Closed bskl closed 4 years ago
It will fail if the user is not an instance of 2FA. It also confirms the code instead of just validating it.
Instead, you could make a rule to just check if the code is valid. If the user is not 2FA, it should return false.
Ok, I'll make the changes soon.
The idea is to make the rule enforceable anywhere. The rule should be called totp_code
, since its the name of the implementation.
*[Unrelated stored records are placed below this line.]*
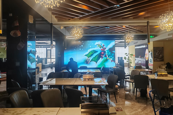 這是一款性價比很高的大屏,價格相比LED顯示屏或LED透明屏要便宜些。它與家庭電視相似,尺寸有46寸、49寸、55寸、65寸等,具有高清晰、色彩豐富、亮度適中的顯示效果,它的邊框很窄,可以拼接成一個大屏幕顯示。在商場中應用,可以讓商品的信息展示更加生動、真實,把商品展現給更多的顧客。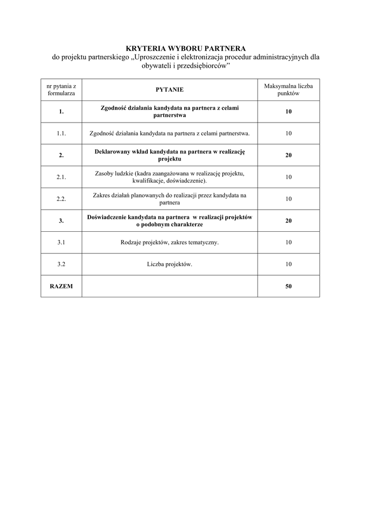 KRYTERIA WYBORU PARTNERA do projektu partnerskiego „Uproszczenie i elektronizacja procedur administracyjnych dla obywateli i przedsiębiorców” nr pytania z formularza PYTANIE Maksymalna liczba punktów 1. Zgodność działania kandydata na partnera z celami partnerstwa 10 1.1. Zgodność działania kandydata na partnera z celami partnerstwa. 10 2. Deklarowany wkład kandydata na partnera w realizację projektu 20 2.1. Zasoby ludzkie (kadra zaangażowana w realizację projektu, kwalifikacje, doświadczenie). 10 2.2. Zakres działań planowanych do realizacji przez kandydata na partnera 10 3. Doświadczenie kandydata na partnera w realizacji projektów o podobnym charakterze 20 3.1 Rodzaje projektów, zakres tematyczny. 10 3.2 Liczba projektów. 10 RAZEM 50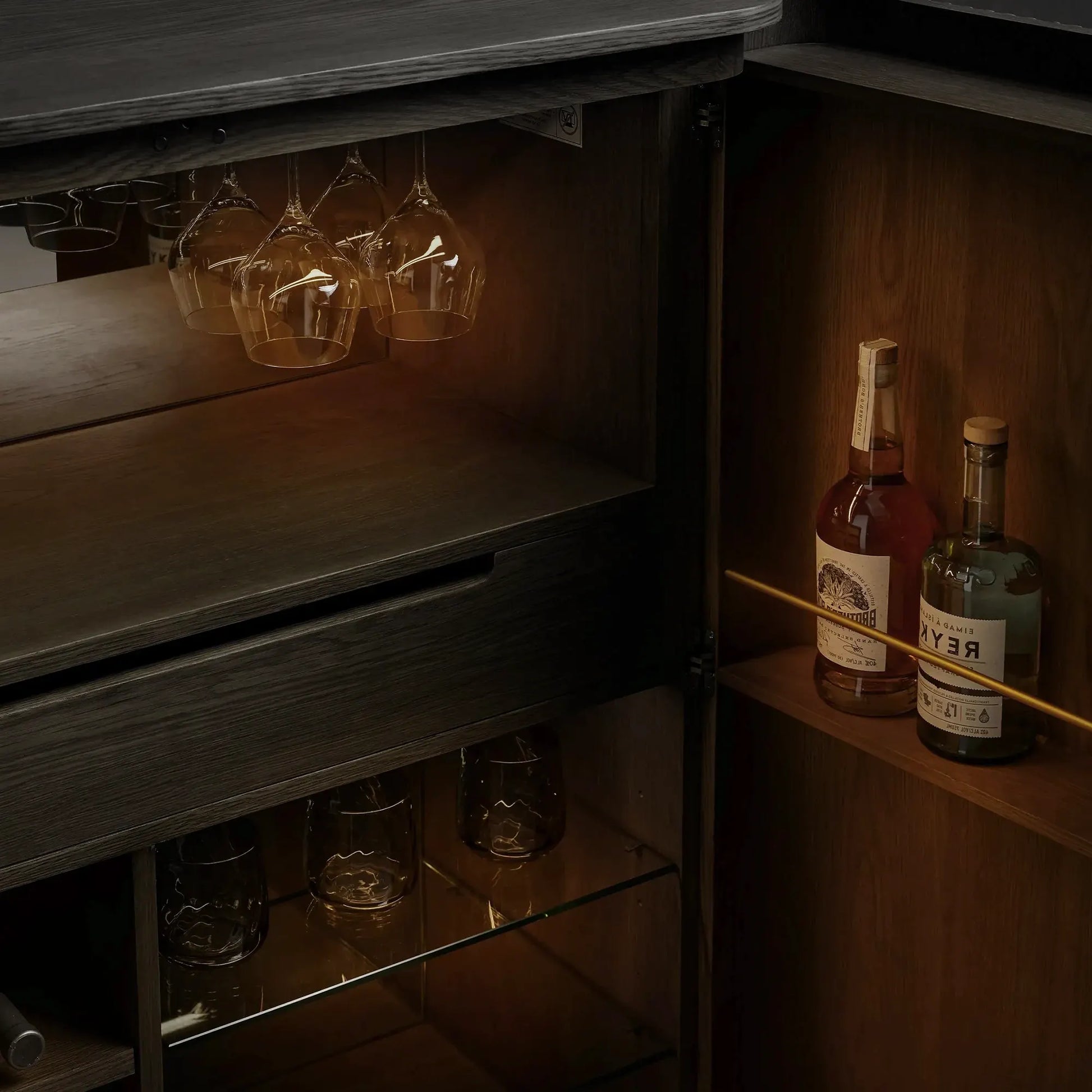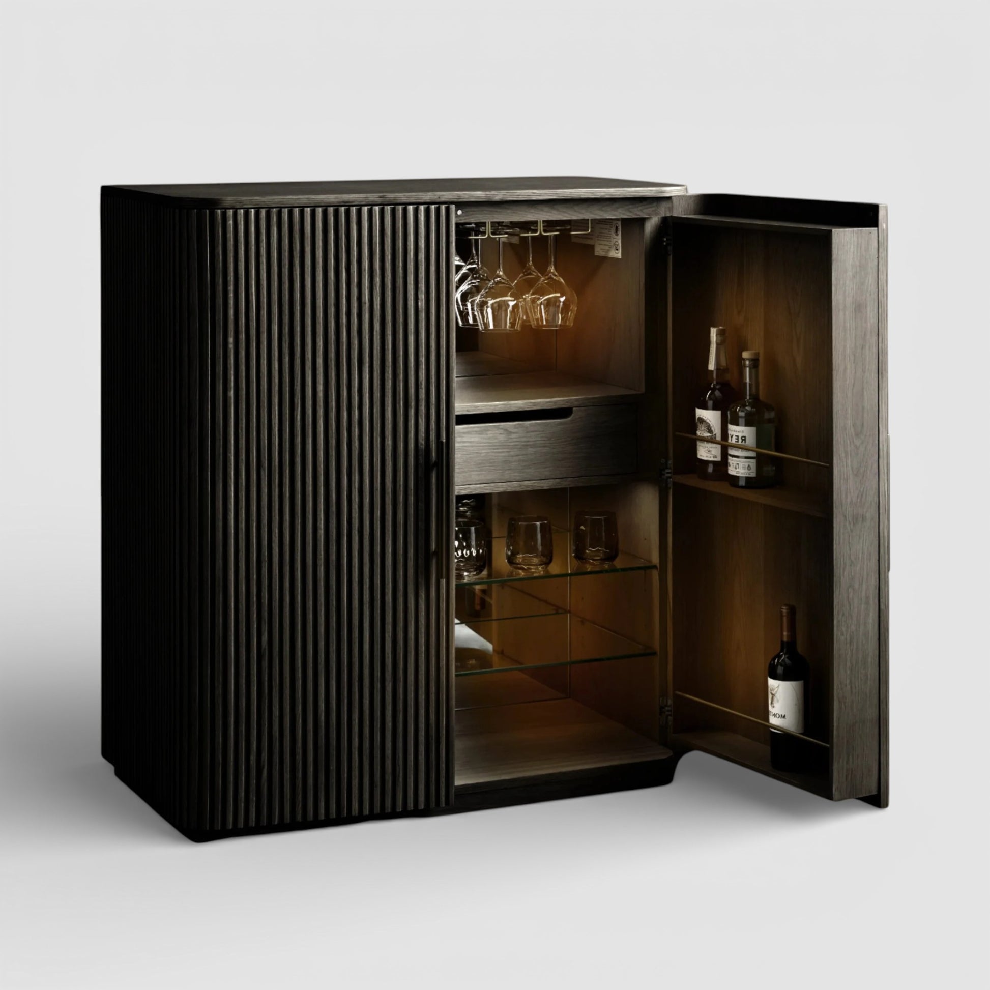 Hand-finished wood surfaces reveal subtle depth and character, while the thoughtfully organized interior balances display and storage. Integrated lighting softly highlights select compartments, enhancing visibility without compromising ideal conditions for wine storage. Designed to be both functional and architectural, the piece anchors the room with quiet confidence.

It should only succeed if the string is, well, a string, the user is an instance of TwoFactorAuthenticatable
and the code is correct.
public function __construct(Authenticatable $user = null)
{
$this->user = $user
}
public function passes()
{
if ($this->user instanceof TwoFactorAuthenticatable) {
// ... check if the code is a string and is correct.
}
return false;
}
Of course this would bypass safe devices. You could use this validation rule to set manually the device as "safe" in any part of your code:
public function setSafeDevice(Request $request, Authenticatable $user)
{
$request->validate('required|totp_code');
$user->addSafeDevice($request);
session()->flash('message', "This device has been added as safe and the app won't ask for codes");
}
I made some updates for translations.
Closing pending inactivity.
Hi, Was a different change necessary? I implemented it as you wrote in your last comment.
Sorry about the latter, I didn't hit F5 enough times.
I arranged your code and made the implementation on 2.0. You rock.
With custom validation rule we can easily to redirect form page when the pin code is invalid.